Let $(X, d)$ be a compact metric space, and $\mathscr{F}$ an equicontinuous family of functions from $X$ to itself. Suppose that $g: X → R$ is continuous.
Show that the family $\mathscr{G} = \{g ◦ f: f \in \mathscr{F} \subset C(X, R)\}$ is equicontinuous and that $\overline{\mathscr{G}}$ is compact.
I have finished the proof of the equicontinuous and because $X$ is compact, it is actually uniformly equicontinuous. But I'm stuck in the proof of $\overline{\mathscr{G}}$ is compact. I try to apply the Arzela-Ascoli theorem and prove that $\overline{\mathscr{G}}$ is uniformly bounded and uniformly equicontinuous and so it is compact. But I'm stuck. I also try that assume $\overline{\mathscr{G}}$ is not compact and apply the Arzela-Ascoli theorem show that $\mathscr{G}$ is not uniformly equicontinuous so get the contradiction. But I'm also stuck because I don't know how to prove $\overline{\mathscr{G}}$ is bounded.

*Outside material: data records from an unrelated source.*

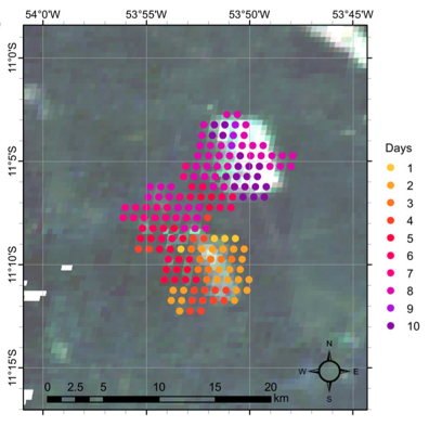 Cano-Crespo等人[25]实现了一种基于复杂网络的方法来追踪单次火灾的时空动态。他们关注了2002-2019年间亚马逊热带雨林的火灾中最强烈的5%的极端火灾,结果观察到,增加森林可燃性的重大干旱与极端火灾的年份时常重合,此外他们还说明了人类活动的重要作用。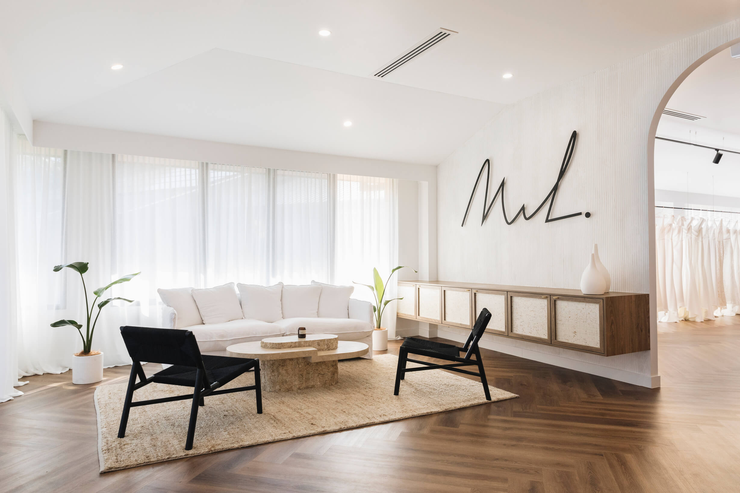 Spatial interventions were key in ensuring guests were choreographed so to absorb the space sequentially, enhancing the Made With Love experience. A staggered entry allows brides a moment of pause prior to emerging themselves in the shopping experience – guests then swirl past a sweeping travertine bar to collect a glass of celebratory bubbles before perusing the line of gowns that filter natural light throughout the space. A lavish fitting room, bridal podium and photography backdrop then conceal the Made With Love HQ that inconspicuously neighbours the boutique, making the space hyper functional for business operations.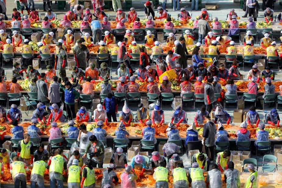 韓國(guó)數(shù)千民眾操場(chǎng)上集體做泡菜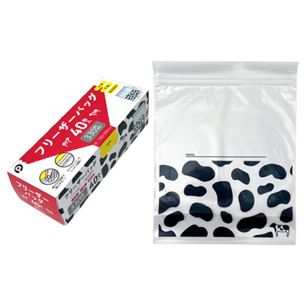 食品衛生適合品のフリーザーバッグです。 冷凍・冷蔵保存、本体牛柄。 耐冷温度-30℃、耐熱温度80℃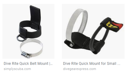 Here are two ways from DiveRite to mount a canister on a 2" belt. Original version on the left, new version on the right. Easy, fast, secure.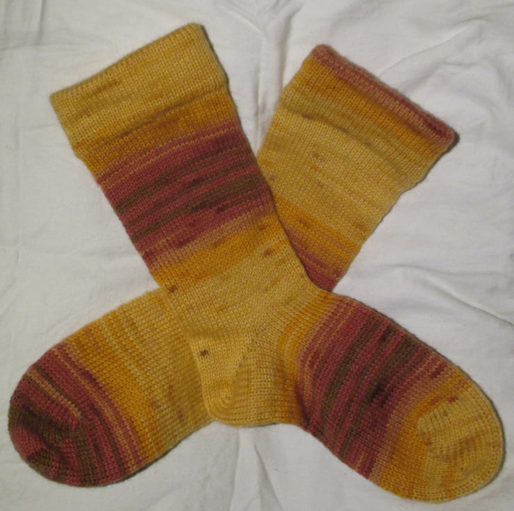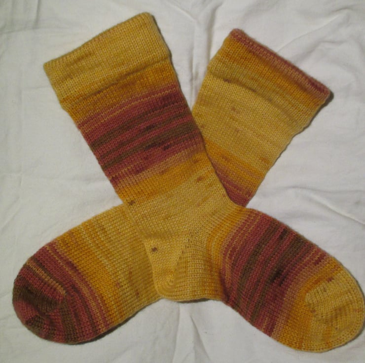 Inspired by wishing for a little sunshine in the midst of winter. Just looking at this great yarn in these socks makes you feel the warmth of a smile !!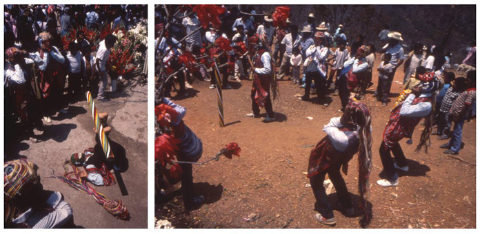 Les Cotlatlaztin forment un groupe cérémoniel masculin d’antipodistes14 et d’athlètes. Ils exécutent des jongleries rituelles en faisant tournoyer une bille de bois sur leurs pieds, des chorégraphies sonores ainsi que des parcours rituels réalisés en courses à pied (carrera de resistencia)15. Ils ne se produisent que durant les fêtes des saisons des pluies. Leur préparation commence pendant le mois d’avril, moment de la première fête importante du cycle agricole, avec la Saint-Marc le 24 avril où chaque agriculteur fait bénir ses semences de maïs, de haricot et de courges (bendición de las semillas). Leur activité cérémonielle principale consiste à intervenir dans différentes séquences des cérémonies de demande de pluie, en particulier lors de la fête de la Sainte-Croix, du 1er au 5 mai. Celle-ci constitue le point culminant du cycle des cérémonies agricoles couplées au culte des montagnes (cerros) dans tout l’état de Guerrero16.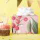 Schöne pinkfarbene Weihnachtsgeschenkverpackung, perfekte Papiere zum Verpacken, Crafting, Scrapbooking und zum Eintauchen in Radfahrprojekte. Rosa gefeierte Verpackung, Blume und Beeren.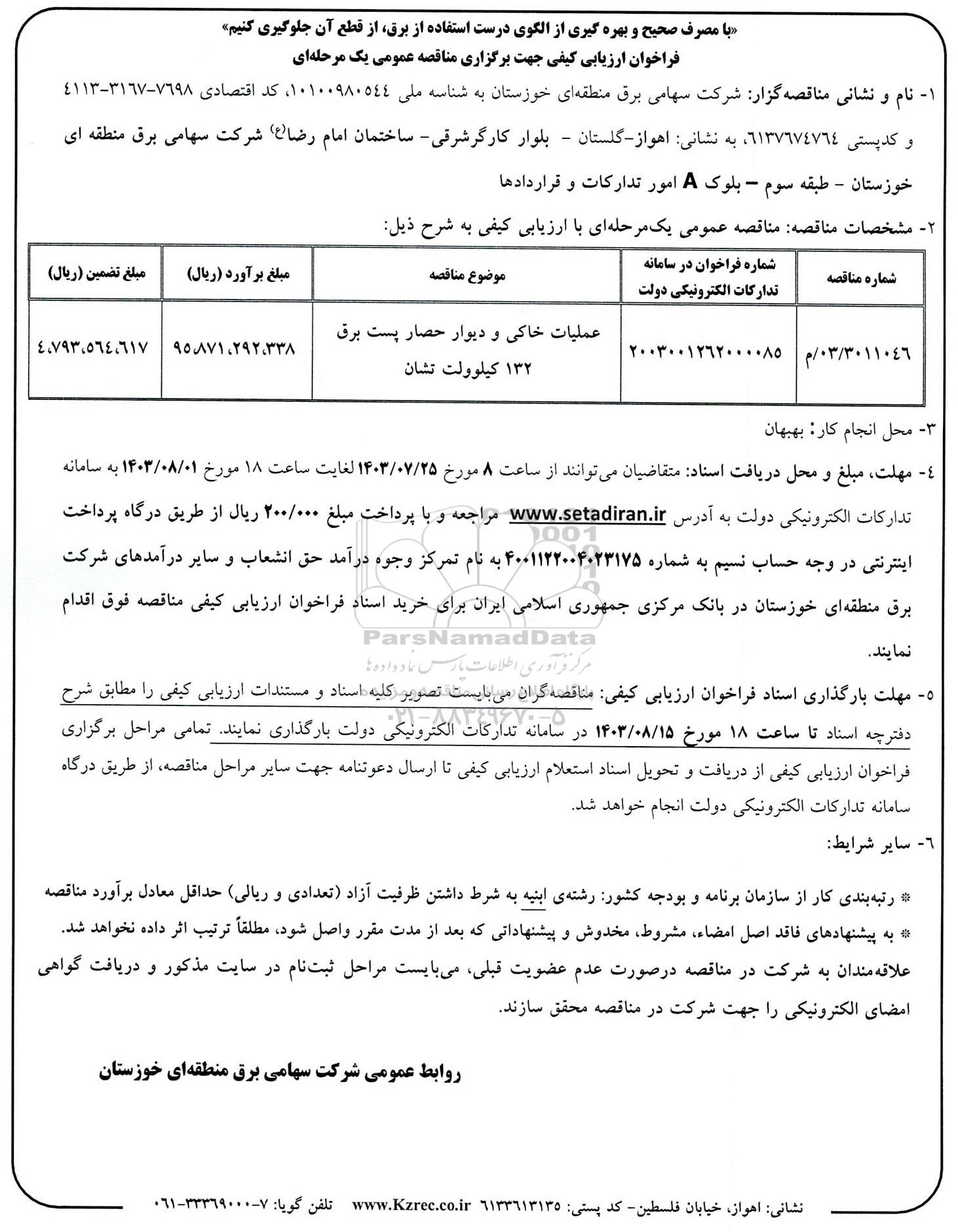 03/3011046/ م | 2003001262000085 | عملیات خاکی و دیوار حصار پست برق 132 کیلوولت نشان | 95.871.292.338 | 4.793.564.617 |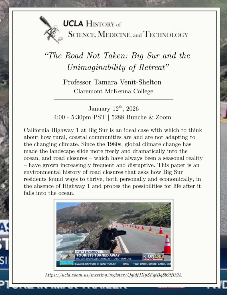 Everyone is welcome to the next installment of the History of Science, Medicine, and Technology Colloquium Series. Dr. Tamara Venit-Shelton, Professor of History at Claremont McKenna College, will be joining us. She is a will be presenting “The Road Not Taken: Big Sur and the Unimaginability of Retreat.”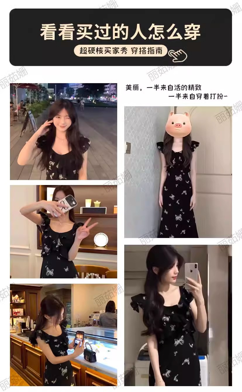 [더블 레이어 + 인테리어] 작은 비행 소매 나비 원피스 어린이 여름 프랑스 기질 아름다운 허리 길이스토어 가기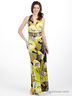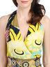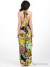 Детали: V-образный вырез с запахом; втачной пояс сзади посажен на многорядную резинку, спереди дополнен декоративными элементами с пайетками и бусинами; штанины с запахом; завязывается на пояс на талии и через шею; декорирован оригинальным принтом; застегивается на молнию сзади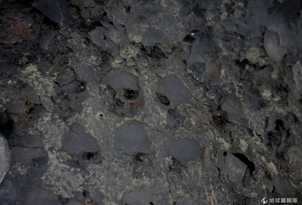 近距離來看,有些頭骨幾乎和石灰岩融為一體。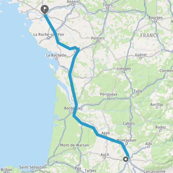 Prendre à droite et rejoindre A62. Continuer sur 33 kilomètres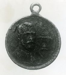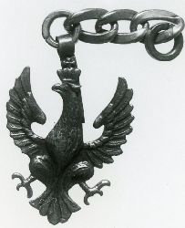 Orzeł polski w koronie, wykonany z blachy mosiężnej. Z tyłu głowy przylutowana pętla z paska blachy mosiężnej, w nim mosiężne kółko, do którego przymocowane są trzy owalne, srebrne ogniwa łańcuszka i kolejne kółko mosiężne. Na odwrocie, na skrzydłach i ogonie ślad...więcej Orzeł polski w koronie, wykonany z blachy mosiężnej. Z tyłu głowy przylutowana pętla z paska blachy mosiężnej, w nim mosiężne kółko, do którego przymocowane są trzy owalne, srebrne ogniwa łańcuszka i kolejne kółko mosiężne. Na odwrocie, na skrzydłach i ogonie ślady lutowania. Brak symboli i sygnatur. |

Can anyone give me some hints?
For every $f \in \mathscr{F}$ we have $$(g \circ f)(X) = g(f(X)) \subseteq g(X)\,.$$ Now $X$ is compact and $g$ continuous, hence $g(X)$ is a compact subset of $\mathbb{R}$, thus there is a $c > 0$ such that $g(X) \subseteq [-c,c]$. This implies $$\lvert g(f(x))\rvert \leqslant c$$ for all $f \in \mathscr{F}$ and $x \in X$. This global weak inequality is preserved under pointwise limits (a fortiori under uniform limits), hence $$\lvert h(x)\rvert \leqslant c$$ holds for all $h \in \overline{\mathscr{G}}$ and all $x \in X$.